Consider the treatment of unreasonable risk creation in negligence. Negligence law translates into a series of legal concepts the progression from the defendant’s creation of an unreasonable risk to the materialization of that risk in injury to the plaintiff. The termini of this progression are the concepts of breach of the standard of reasonable care and factual causation. These two termini, however, do not operate as atomistic elements, one applying to the defendant and the other to the plaintiff, that the law simply adds together. Rather, the law insists that the termini be coherently linked through the concepts of duty and proximate cause.

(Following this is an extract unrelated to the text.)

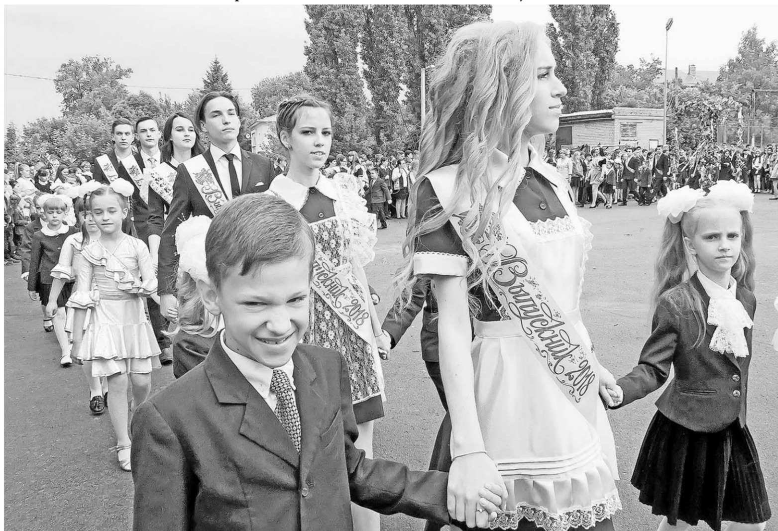
Нынешние и будущие выпускники Новоусманского лицея.

Репортаж | Для воронежских школьников в эти дни звучит последний звонок

These concepts, in turn, connect wrongdoing and injury by describing the wrongful risk in terms of the range of the potential victims and consequences through which the risk is to be understood as wrongful. Thus, the risk that materializes into injury to the plaintiff is the same as the risk that the defendant unreasonably created, and the wrong done in its creation is the same as the wrong suffered in its materialization. Through this ensemble of concepts, all of which are necessary for liability, the law treats the defendant’s act and its effect on the plaintiff as an integrated sequence in which there is a single injustice that is the same for both parties.
Ernest J Weinrib, “The Structure of Unjustness” (2012) 92 Boston University Law Review 1067 at 1067-68, 1069-70 (internal footnote omitted, emphasis added).
But we know that, with respect to at least one of the wrongdoers in the scenario to which the Clements explanation of material contribution applies, the risk that that person created did not materialize into injury.
‘The question is,’ said Alice, ‘whether you can make words mean so many different things.’
‘The question is,’ said Humpty Dumpty, ‘which is to be master — that’s all.’
Lewis Carroll, Through the Looking Glass, c.6.
Or, putting this in legal terms, bearing in mind that lawyers stand even lower in the pecking order than judicial officers and (at least if you accept the views of some judges, lawyers writing academically even lower yet), so make the appropriate substitutions.
 Any legal system which has a judicial appeals process inherently creates a pecking order for the judiciary regarding where judicial decisions stand on the legal ladder.
 I am bound by decisions of Queen’s Bench judges, by decisions of the Alberta Court of Appeal and by decisions of the Supreme Court of Canada. Very simply, Masters in Chambers of a superior trial court occupy the bottom rung of the superior courts judicial ladder.
 I do not overrule decisions of a judge of this court. The judicial pecking order does not permit little peckers to overrule big peckers. It is the other way around.
South Side Woodwork v. R.C. Contracting (1989), 95 A.R. 161, 1989 CanLII 3384 (AB QB, Master).